This beautiful, bold screen print was created for Pete’s Great Moments in Popular Music exhibition in 2011. The show was exhibited at the Snap Galleries, located in London at the time. For the show Pete created three different limited edition prints, all from runs of 75. These prints were: The Beatles Get a Haircut, The Weekenders and Pub Rocked.
This striking image symbolically references individuals who start playing in a band at a young age. When chasing your musical dreams you inevitably have to start out small, which usually means playing in pubs. Your dressing room may be a toilet and your stage is located in a back room, but you play these gigs with all your heart and soul, as if you were at Wembley. The person in this image has played so hard that in the process of ‘rocking the pub’ they have played until their fingers bleed. This splash of bright colour draws focus on the most important detail of the work. The character’s bleeding fingers also reference other great musicians, such as Pete Townshend, who played so intensely that he would cut his hands on his guitar strings.

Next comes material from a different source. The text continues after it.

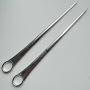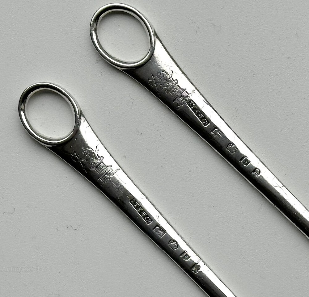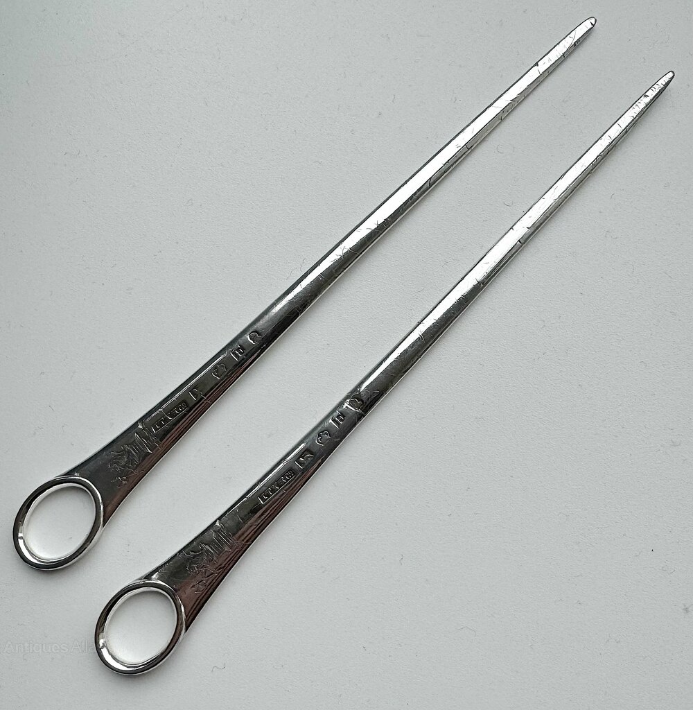 The skewers are 8.2 inches (20.5cm) long, weigh 49.9g and are in a very condition other than the knife cuts one would expect from late 18th century silver skewers and some rubbing to the mostly legible makers marks and hallmarks.

The title of this work also references the ‘pub rock’ music genre that developed in the UK during the early 1970s, which rejected progressive and glam rock that was costly to record and considered flashy. The pub rock movement associated itself with independent labels and was a precursor to the British punk rock scene. The Jam, who although are not directly associated with this movement, formed around the same time this genre did. Pete references this band by dressing his character in a style they are famous for.
• Signed, numbered and titled by Pete McKee
• Framed: 55cm x 75cm (approx.)
What is an Artist’s Proof print?
Artist’s Proofs are the first prints signed off by the artist when printing a limited edition run of prints. APs are the same as the prints from the limited edition run, regarding how they are printed, the paper they are printed on etc. They are also signed and numbered by the artist. However, the number of APs is much smaller, usually amounting to 10-15% of the general run of limited edition prints. So for example, if 100 limited edition prints were created then around 10-15 APs will exist. These prints are usually marked with ‘AP’ or ‘A/P’ as well as the number they are out of. APs are more collectable; therefore they are often more expensive than the prints from the main limited edition run. They are also often previously owned by the artist and are out of a much smaller number which adds to their collectability.